Examples of these operations would be a “nose job,” “face lift,” breast augmentation, and fat suctioning procedure. This type of surgery is called “elective” because it was not necessary from a medical point. Instead, it is done to improve the image of a person to fix something that people find the object of his body.

So, while some choose to have big ears they put closer to their heads, others may choose to have drooping skin around their eyes tensed or wrinkles on their faces removed. Hair transplants and facial chemical peel is also considered cosmetic plastic surgery.

Grafting

Whether reconstruction or cosmetic, plastic surgery is almost always about tissue transplants. However, this is not the operation that “transplant” donor organs such as the kidneys work to be someone who had lost them, but otherwise is healthy tissue transplants from one part of the body to replace damaged tissue removed from another part.

These networks can become bone, skin, muscle, cartilage, tendon, or even nerves. So that the surgeon can take cartilage from the patient’s ribs and “build” the ear or nose repair.

Baseball pitcher throwing sometimes continue their careers after cartilage taken from the non-throwing arm they are surgically transplanted into their injured throwing elbow.
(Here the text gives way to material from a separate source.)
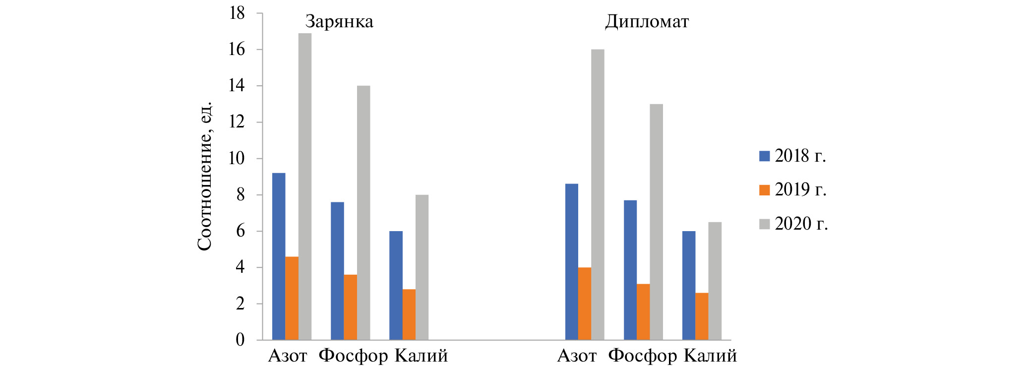 Перераспределение элементов из корня в стебель зависело от метеорологических условий периода вегетации и сорта. В 2020 г. элементы питания сразу переходили в стебель льна. Азота было в 16 раз больше в стебле, чем в корнях, фосфора – в 14 раз, калия – в 8 раз у сорта Зарянка. В 2019 г. соотношение содержания элементов в стебле и корне было минимальным (рис. 2).
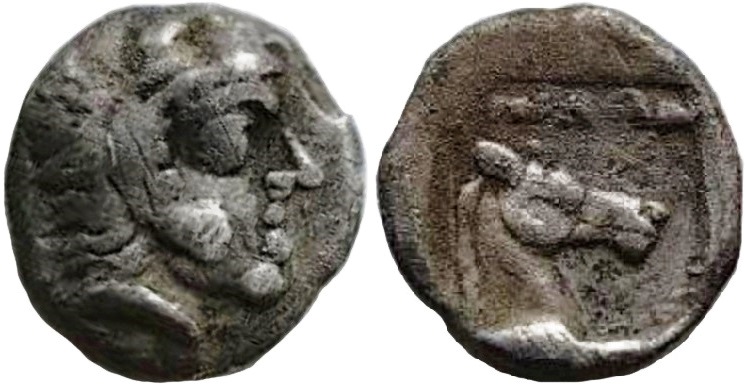 Вдавленный квадрат с головой коня вправо. Вверху надпись ΣINΔΩN

Skin grafts are used to cover the burned area is another common form of transplantation. A new version is called a xenograft (pronounced ZEE-no-graft), in which the skin from the donor used temporarily and grafted onto the burned area that still has living cells.

Although ultimately rejected, grafted skin often protects the damaged tissue for a long time, and gives the body time to heal itself. Shape even newer than artificial or synthetic leather is being developed that will do the same.

latest progress

Another important part of all plastic surgery, whether reconstruction or cosmetic, is cutting carefully planned and skin in the following places or fall in the natural line of skin or folds. At the end of the operation, the same way planned and carefully tailoring (pronounced SOO-churing) or sew the wound closed is required.

Today, plastic surgeons sometimes use a laser instead of a scalpel, and often perform all operations in such a fine level of detail that they use a microscope all the time. They can replace the smallest of blood vessels using this technology.

Even before they operate, they have access to diagnostic technologies such as magnetic resonance imaging and computed tomography that allow them to analyze and understand the problem better, and to plan how to fix it.

Despite the increasing popularity of cosmetic plastic surgery (no longer a luxury only for the rich), reconstructive plastic surgery was done three times more often.

Corrective eye surgery or blepharoplasty (pronounced bleh-fer-oh-plas-tee) -where the bags under the eyes or on the skin of the upper eyelid is issued to give someone who is younger, less tired look-is the most common type of cosmetic surgery , Hair transplants and eye surgery is the most popular procedure with men.

Many adult women choose breast enlargement, is now done with saline or salt water implants silicone implants proved not-harmful. Teens most often received nose reshaping.